# Assigned task:
For the records below, copy exactly the span that begins at the line containing "A campanha de" and stops after the line containing "STARACE, SECRETARIO GENERAL", minus any pictures.
----- Dataset entries -----
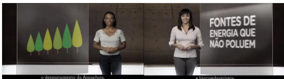
Figura 2: propaganda de Dilma Rousseff destaca a redução do desmatamento na Amazônia e a produção de biocombustíveis

A campanha de Dilma Rousseff (PT), por sua vez, anunciou o interesse no “ desenvolvimento ambiental e tecnológico ” e, muitas vezes, apresentou a candidata com vegetações em segundo plano. Fez, ainda, algumas referências diretas ao meio ambiente, chegando a exibir atrizes que destacaram a busca por fontes de energia renovável como um objetivo da presidenciável. Falou-se em turbinas eólicas, redução do desmatamento na Amazônia e luta contra o aquecimento global. O meio ambiente que surgiu na propaganda dilmista visou o desenvolvimento tecnologizado, próximo à ideologia da ecoeficiência. No segundo turno, a candidata petista agendou com muito mais contundência o meio ambiente, promovendo inúmeras referências textuais, verbais e visuais de forma direta e indireta. A preservação do meio ambiente figurou como um ideal a ser alcançado de forma concomitante ao desenvolvimento.
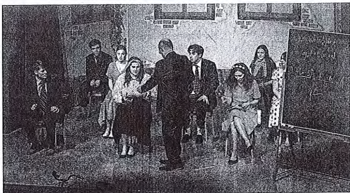
Dijaki se najbolj bojuje izpita iz matematike.

Film so za gledališče priredili mladi gledališčniki sami. »Iskali smo predstavo, ki bi jo v letu 2022 še lahko izvedli. Nismo hoteli še ene klasike, ki je bila že
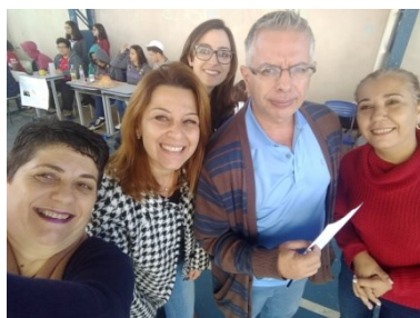
Feira de Ciências E.E. Mirinha Tonello.
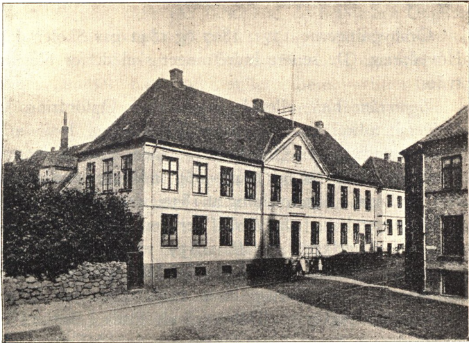
Billede af Katedralskolen i sin nuværende Skikkelse.

I Stueetagen blev de 4 Klasseværelser omregulerede, de nuværende Stuer A, B, C og D; der anbragtes en Gang ud til Mogensgade, hvorfra der blev Indgang til dem alle. — Det uheldigste — navnlig for fremtidige Udvidelser — var derimod Indretningen af Sidebygningen ud mod Nytorvsgrde . Her anbragtes en 5. Klasse
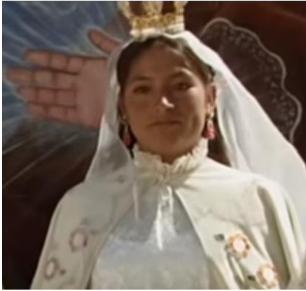
Fotografía 5. Madeinusa como la Virgen María
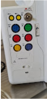
ITEM 69 - 78 - 80 - PAINEL DE CONEXÕES WORD LIFE WL 80.jpeg 79K
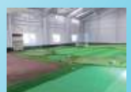
室内ゴルフ練習場
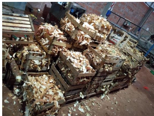
Descartes de la cooperativa
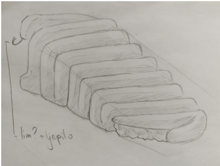
Izmjena u skici, Ivona Čolakovac

Zbog prirodnog oblika drva i njegovog pucanja odlučih se za izmjenu skice te pojednostavljenja oblika glave te micanja detalja koji bi mogli uzrokovati daljnje pucanje drva ili čak mogući odlom istoga. Kao zamjena za detalje u samome drvu koji bi glavu zmiije dočarali kao zmiiju dodan je metalni jezičak koji ujedno i paše uz jednostavnost čitave forme.
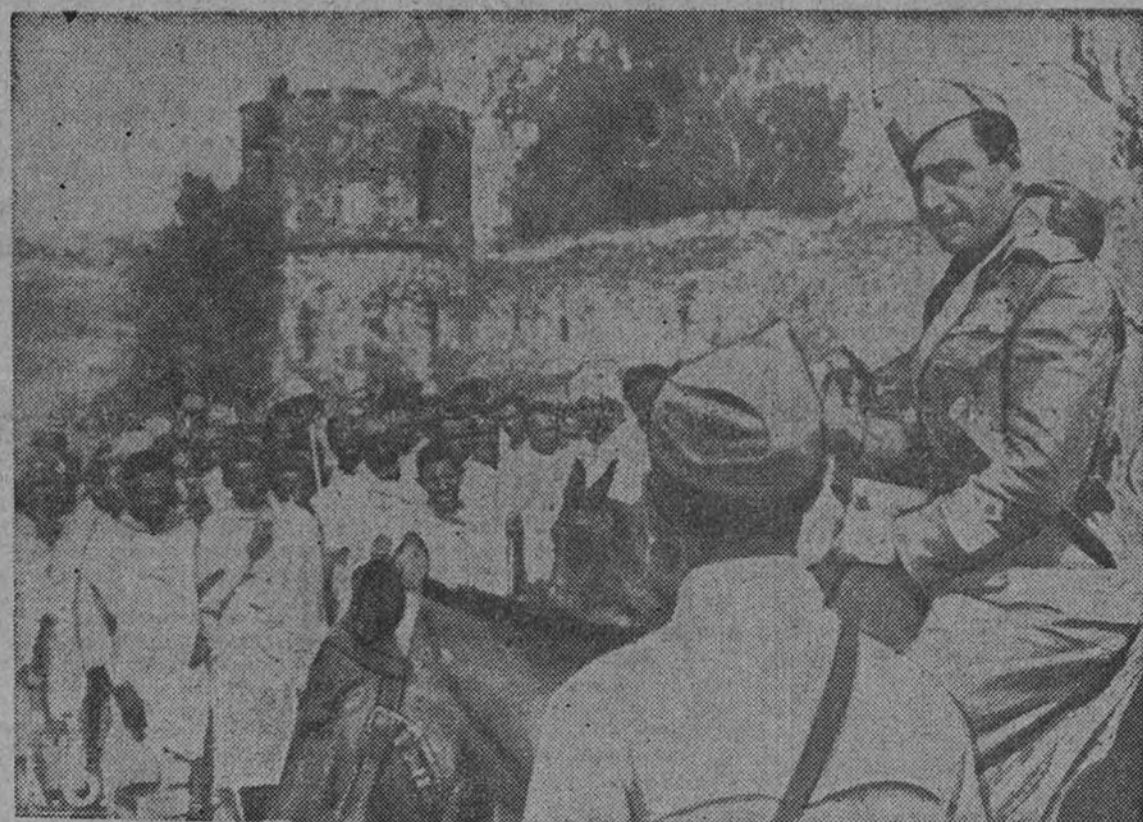
STARACE, SECRETARIO GENERAL DEL PARTIDO FASCISTA

un gran desfile militar de unidades del Ejército del Sur, que, al mando del general Queipo de Llano, se han cubierto de gloria a través de toda la campaña.
-----
# Result of this task:
A campanha de Dilma Rousseff (PT), por sua vez, anunciou o interesse no “ desenvolvimento ambiental e tecnológico ” e, muitas vezes, apresentou a candidata com vegetações em segundo plano. Fez, ainda, algumas referências diretas ao meio ambiente, chegando a exibir atrizes que destacaram a busca por fontes de energia renovável como um objetivo da presidenciável. Falou-se em turbinas eólicas, redução do desmatamento na Amazônia e luta contra o aquecimento global. O meio ambiente que surgiu na propaganda dilmista visou o desenvolvimento tecnologizado, próximo à ideologia da ecoeficiência. No segundo turno, a candidata petista agendou com muito mais contundência o meio ambiente, promovendo inúmeras referências textuais, verbais e visuais de forma direta e indireta. A preservação do meio ambiente figurou como um ideal a ser alcançado de forma concomitante ao desenvolvimento.
Dijaki se najbolj bojuje izpita iz matematike.

Film so za gledališče priredili mladi gledališčniki sami. »Iskali smo predstavo, ki bi jo v letu 2022 še lahko izvedli. Nismo hoteli še ene klasike, ki je bila že
Feira de Ciências E.E. Mirinha Tonello.
Billede af Katedralskolen i sin nuværende Skikkelse.

I Stueetagen blev de 4 Klasseværelser omregulerede, de nuværende Stuer A, B, C og D; der anbragtes en Gang ud til Mogensgade, hvorfra der blev Indgang til dem alle. — Det uheldigste — navnlig for fremtidige Udvidelser — var derimod Indretningen af Sidebygningen ud mod Nytorvsgrde . Her anbragtes en 5. Klasse
Fotografía 5. Madeinusa como la Virgen María
ITEM 69 - 78 - 80 - PAINEL DE CONEXÕES WORD LIFE WL 80.jpeg 79K
室内ゴルフ練習場
Descartes de la cooperativa
Izmjena u skici, Ivona Čolakovac

Zbog prirodnog oblika drva i njegovog pucanja odlučih se za izmjenu skice te pojednostavljenja oblika glave te micanja detalja koji bi mogli uzrokovati daljnje pucanje drva ili čak mogući odlom istoga. Kao zamjena za detalje u samome drvu koji bi glavu zmiije dočarali kao zmiiju dodan je metalni jezičak koji ujedno i paše uz jednostavnost čitave forme.
STARACE, SECRETARIO GENERAL DEL PARTIDO FASCISTA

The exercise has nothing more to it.